En ces temps du dépassement écologique, l’organisation thermo-industrielle du monde est sur la voie de la descente énergétique et exige des « établissements humains de basse entropie ».

Agnès Sinaï propose de « mobiliser la biorégion comme le dessein (design) d’un métabolisme social qui organise la réduction de sa consommation d’énergie par une relocalisation de la puissance ». La révolution industrielle a sonné la fin de l’agriculture vivrière comme activité humaine dominante. Les sources d’énergie primaire étaient jusqu’alors « constituées de vent et d’eau, de biomasse, de plantes et d’animaux, donc limitées en ampleur et en emplacement  ». Le géographe naturiste Elisée Reclus (1830-1905) constatait dès 1866 que « l’avènement des machines à feu érode le sentiment de la nature  ». Il voyait l’économie des sociétés humaines comme « le stade le plus avancé de la dissipation de l’énergie parmi les êtres vivants  » et prônait la vie en des lieux affranchis de la machinisation.

Le constat s’impose dès le XIXe siècle, depuis Charles Fourrier (1772-1837) : « en tant que civilisation le productivisme se révèle comme un mode de destruction des sociétés ». La nature ne « produit » pas, elle donne... Depuis le choix de la machine à vapeur (1769) et du productivisme jusqu’aux satellites géostationnaires, une technosphère énergivore et parasitaire constitue notre environnement planétaire de base.

L’infini a perdu sa transcendance pour devenir « une forme d’illimitation sans horizon ». Agnès Sinaï souligne que « la technique et la guerre sont les deux faces d’une même médaille qui impriment leur démesure à la planète ».

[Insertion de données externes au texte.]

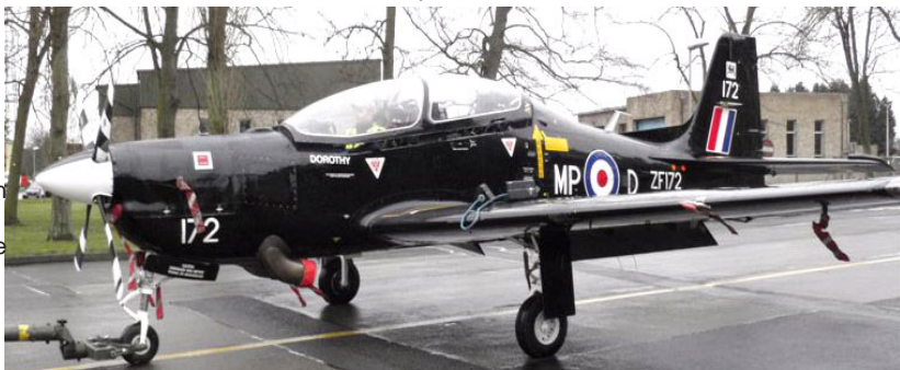
ZF172/MP-D "Dorothy" Tucano T1 of 72 Squadron based at Linton-on-Ouse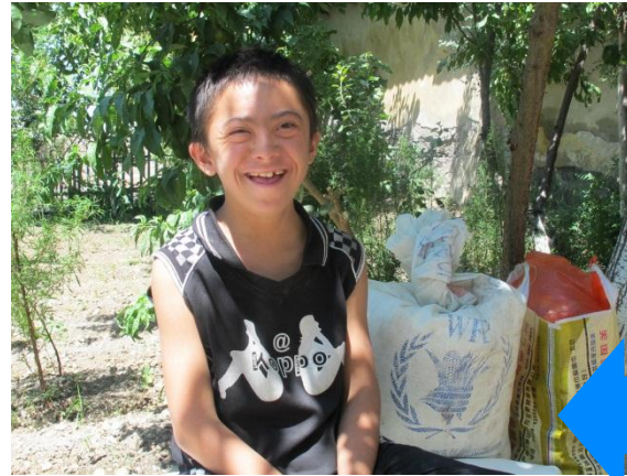
Support to TB patients and their families in Tajikistan

La refondation d’un système alimentaire soutenable passe par des « régimes de propriété foncière collective et communautaire » et la libération des droits d’usage de la terre, en déverrouillant un « enchevêtrement de privatisation des sols » - rien que ça...

L’ampleur du chantier exige que chaque région utilise « ses fonds, ses réserves et ses talents en se limitant à la capacité de contenance du territoire et à ses contraintes écologiques propres ». Cela commence par la réhabilitation du « métabolisme biorégional du passé » qui a « marqué le lien entre les établissements humains urbains et les agrosystèmes environnants » avant l’industrialisme. Cela continue par la réhabilitation d’une civilisation hydraulique (« le bassin hydrographique représente le berceau de la vie ») et des « systèmes énergétiques locaux liés aux patrimoines territoriaux ».

Les formes biorégionales de regroupements humains seraient les plus adaptés à « l’après-collapse » pour envisager, le cas échéant, des noyaux de redémarrage viables – voire un « reboisement de l’âme ».

L ‘électricité n’est pas une énergie primaire : sa maintenance suppose la « possibilité de fabriquer et de réparer des convertisseurs renouvelables, avec des moyens low tech, les seuls disponibles alors ». Les « mobilités » électriques décrétées par des esprits éclairés ( à quoi ?) s’en remettront à la mécanique céleste pour chevaucher leurs chimères hors sol, en attendant l’activation de « systèmes énergétiques locaux liés aux patrimoines territoriaux ».

Les « communautés énergétiques » à venir s’en remettront à un autogouvernement de leurs propres ressources – si possible, de « sources renouvelables » - selon une « relation d’habitation terrestre » respectueuse de la planète et une énergie propre du social assumant sa part d’intelligence du monde hors d’un oppressant enclos numérique et d’une fumeuse matrice d’illusions.